Nais API ¶

Nais API is a GraphQL API that allows programmatic access to the Nais platform.

The API is under active development. We may introduce breaking changes without prior notice.

By using the API during the beta period, you acknowledge and accept this risk.

Endpoint ¶

The API endpoint is available at https://console.nav.cloud.nais.io/graphql

Service Accounts ¶

Programmatic access to the API requires authentication via a service account. A service account is a non-human identity (also known as a machine user).

Service accounts can only be created and managed by team owners.

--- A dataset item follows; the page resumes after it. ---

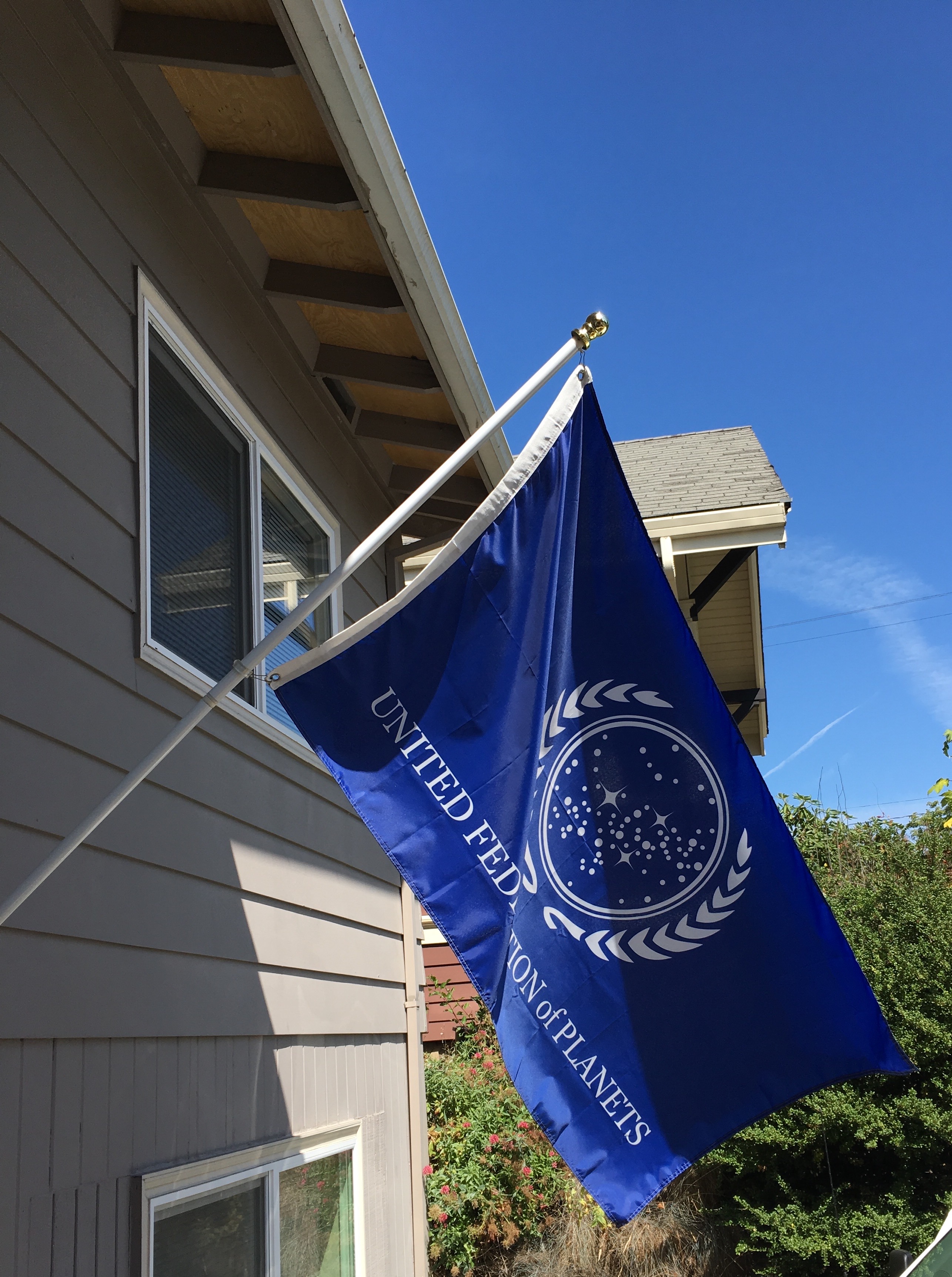Harry Potter or Star Trek flags show a certain geek camaraderie, which I like very much. These represent make believe worlds with heroes and values I respect.

Create a Service Account ¶

To set up a service account, visit Nais Console:

Navigate to your team in Nais Console.
Go to the Settings page.
Click on the Service accounts tab.
Click the Create service account button.
Follow the prompts to create a new service account.
The Name of the service account should be a descriptive human-readable identifier, e.g. the name of your workload.
The Description should describe the service account's intended purpose, use case, or to provide additional context.

Roles ¶

All service accounts have read access to everything a human user has access to by default, except secrets.

You can optionally grant additional roles to the service account.

Authentication Methods ¶

There are two methods for service account authentication:

Workload bindings allows workloads (applications or jobs) running on Nais to authenticate as the service account by using short-lived identity tokens.
API tokens are static secret keys with an optional expiration date.

Prefer using workload bindings. Only use API tokens when you need to access the Nais API from outside Nais.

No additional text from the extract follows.